Name	Type	Description
`data`	DataValue[T]	The data to use

Returns:

Name	Description
`[TestRunBuilder](/sdk/python/references/test_runs/test_run_builder)[T]`	The current TestRunBuilder instance for method chaining

with_evaluators

def with_evaluators(
        *evaluators: Union[str, BaseEvaluator]) -> "TestRunBuilder[T]"

Add evaluators to the test run. Use platform evaluators by name (e.g. "Bias") or BaseEvaluator instances for local evaluators. With local evaluators, the SDK runs the prompt/workflow locally to get output before evaluating. Arguments:

Name	Type	Description
`*evaluators`	str	The evaluators to add

Returns:

Name	Description
`[TestRunBuilder](/sdk/python/references/test_runs/test_run_builder)[T]`	The current TestRunBuilder instance for method chaining

with_human_evaluation_config

def with_human_evaluation_config(
        config: HumanEvaluationConfig) -> "TestRunBuilder[T]"

Set the human evaluation configuration for the test run Arguments:

Name	Type	Description
`config`	HumanEvaluationConfig	The human evaluation configuration to use

Returns:

Name	Description
`[TestRunBuilder](/sdk/python/references/test_runs/test_run_builder)[T]`	The current TestRunBuilder instance for method chaining

with_workflow_id

def with_workflow_id(
        workflow_id: str,
        context_to_evaluate: Optional[str] = None) -> "TestRunBuilder[T]"

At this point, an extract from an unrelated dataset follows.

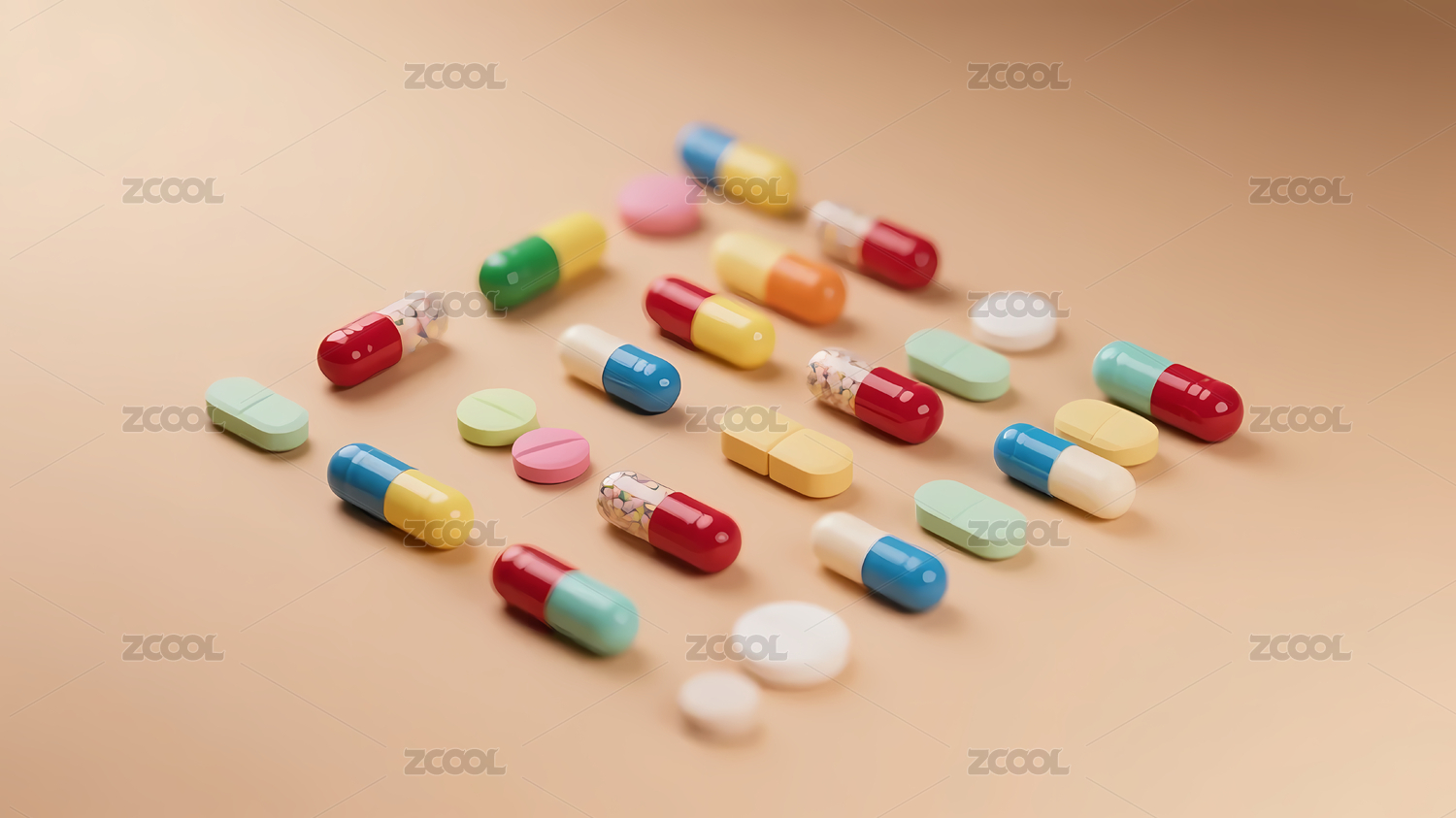 散落的彩色药片与胶囊

Set the workflow ID for the test run. Optionally, you can also set the context to evaluate for the workflow. (Note: setting the context to evaluate will end up overriding the CONTEXT_TO_EVALUATE dataset column value) Arguments:

Name	Type	Description
`workflow_id`	str	The ID of the workflow to use
`context_to_evaluate`	Optional[str]	The context to evaluate for the workflow (variable name essentially).

Returns:

Name	Description
`[TestRunBuilder](/sdk/python/references/test_runs/test_run_builder)[T]`	The current TestRunBuilder instance for method chaining

Raises:

ValueError - If a prompt version ID, prompt chain version ID or output function is already set for this run builder

with_prompt_version_id

def with_prompt_version_id(
        prompt_version_id: str,
        context_to_evaluate: Optional[str] = None) -> "TestRunBuilder[T]"

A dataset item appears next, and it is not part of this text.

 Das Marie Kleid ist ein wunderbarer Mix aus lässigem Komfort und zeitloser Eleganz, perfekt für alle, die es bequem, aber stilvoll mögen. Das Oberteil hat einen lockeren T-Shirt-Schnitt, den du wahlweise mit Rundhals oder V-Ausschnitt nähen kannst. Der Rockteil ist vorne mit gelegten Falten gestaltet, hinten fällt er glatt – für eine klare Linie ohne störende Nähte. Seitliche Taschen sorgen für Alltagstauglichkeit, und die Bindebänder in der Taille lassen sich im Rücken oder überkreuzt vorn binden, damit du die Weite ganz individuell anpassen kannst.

Set the prompt version ID for the test run. Optionally, you can also set the context to evaluate for the prompt. (Note: setting the context to evaluate will end up overriding the CONTEXT_TO_EVALUATE dataset column value) Arguments:

Name	Type	Description
`prompt_version_id`	str	The ID of the prompt version to use
`context_to_evaluate`	Optional[str]	The context to evaluate for the prompt (variable name essentially).

Returns:

Name	Description
`[TestRunBuilder](/sdk/python/references/test_runs/test_run_builder)[T]`	The current TestRunBuilder instance for method chaining

Raises:

ValueError - If a workflow ID, prompt chain version ID or output function is already set for this run builder

with_prompt_chain_version_id

def with_prompt_chain_version_id(
        prompt_chain_version_id: str,
        context_to_evaluate: Optional[str] = None) -> "TestRunBuilder[T]"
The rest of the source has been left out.